Urteil vom 7. Februar 2020

II. zivilrechtliche Abteilung

Besetzung

Bundesrichter Herrmann, Präsident,

Bundesrichter Marazzi, Bovey,

Gerichtsschreiber Möckli.

Verfahrensbeteiligte

A.________,

vertreten durch Rechtsanwalt Roger Burges,

Beschwerdeführerin,

gegen

B.________.

Gegenstand

Fürsorgerische Unterbringung,

Beschwerde gegen den Entscheid des Obergerichts des Kantons Bern, Kindes- und
Erwachsenenschutzgericht, vom 22. Januar 2020 (KES 20 47).

Sachverhalt:

A.________ wurde am 10. Januar 2020 von Dr. med. B.________ im
Psychiatriezentrum U.________ fürsorgerisch untergebracht.

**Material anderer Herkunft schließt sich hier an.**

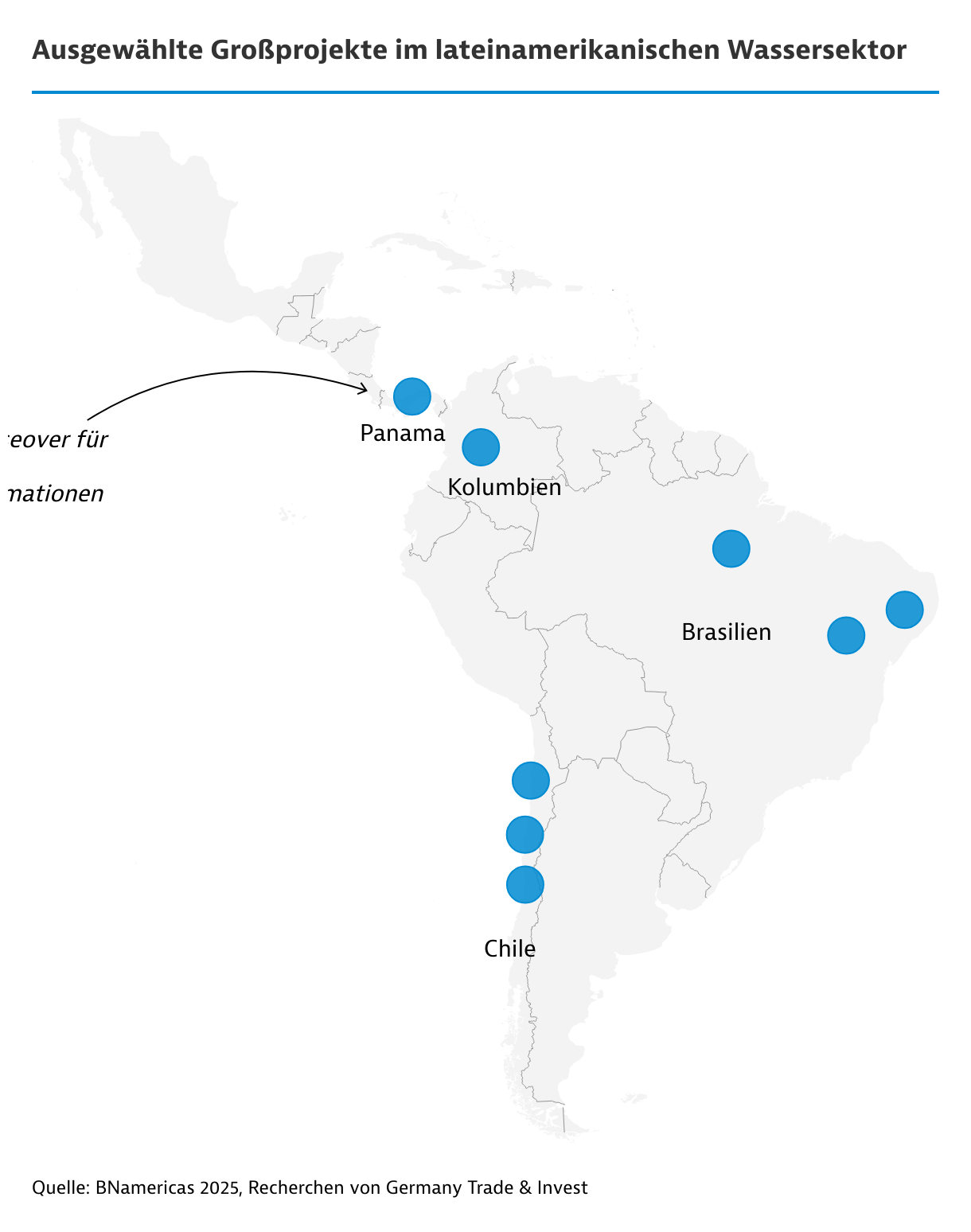 Daneben gewinnt die Meerwasserentsalzung in Lateinamerika an Bedeutung, allen voran in Chile und Peru. Treiber sind vor allem Bergbauprojekte und langfristige Vorhaben zur Gewinnung von grünem Wasserstoff. Zugleich stehen Entsalzungsanlagen für die Bevölkerung im Fokus: Die Vergabe für den Bau eines neuen Trinkwassersystems in Lima (486 Millionen US$) Anfang 2026 sowie eine neue Meerwasserentsalzungsanlage bieten künftig Absatzchancen für deutsche Firmen. Auch Brasilien plant den Bau einer großen Meerwasserentsalzungsanlage im Bundesstaat Ceará.

Mit Entscheid vom 22. Januar 2020 wies das Obergericht des Kantons Bern die
hiergegen erhobene Beschwerde ab.

Mit Beschwerde vom 2. Februar 2020 verlangt A.________ dessen Aufhebung und die
sofortige Entlassung, eventualiter die Rückweisung zur Neubeurteilung. Ferner
verlangt sie die unentgeltliche Rechtspflege. Es wurden die kantonalen Akten
eingeholt.

Erwägungen:

1. 

In verfahrensrechtlicher Hinsicht wird eine Verletzung des rechtlichen Gehörs
bzw. von Art. 5 Ziff. 4, Art. 6 Ziff. 1 EMRK, Art. 29 Abs. 2 BV und Art. 26
Abs. 2 KV/BE gerügt. Konkret wird bemängelt, dass das Anhörungsprotokoll nicht
verlesen, sondern einfach zur Durchsicht und Unterschrift ausgehändigt worden
sei, während das Gericht sich zur Urteilsberatung zurückgezogen habe. Das
Protokoll sei mangelhaft gewesen; man habe darauf Korrekturen angebracht und
die Unterzeichnung verweigert. Sodann sei direkt das abweisende Urteil
verkündet worden. Im begründeten Urteil werde auf das Protokoll und auf die
ärztliche Stellungnahme von Dr. med. C.________ vom 17. Januar 2020 verwiesen;
indes sei dem Urteil weder diese Stellungnahme noch das korrigierte Protokoll
beigelegt worden. Sodann wird bemängelt, dass vom Parteivortrag des
Rechtsanwaltes kein Ton zu lesen sei. Insgesamt sei das Urteil klarerweise
nichtig.

Zur Debatte steht aufgrund des zuteilenden Vorbehaltes in Art. 450f ZGB
kantonales Verfahrensrecht (Art. 1 Abs. 1 lit. d und Art. 65 ff. KESG/BE sowie
subsidiär VRPG/BE), das nur im Zusammenhang mit einer Verletzung
verfassungsmässiger Rechte überprüft werden kann, wobei die Rüge im Vordergrund
steht, dass das kantonale Recht willkürlich angewandt worden sei (BGE 139 III
225 E. 2.3 S. 231; 139 III 252 E. 1.4 S. 254; 142 II 369 E. 2.1 S. 372).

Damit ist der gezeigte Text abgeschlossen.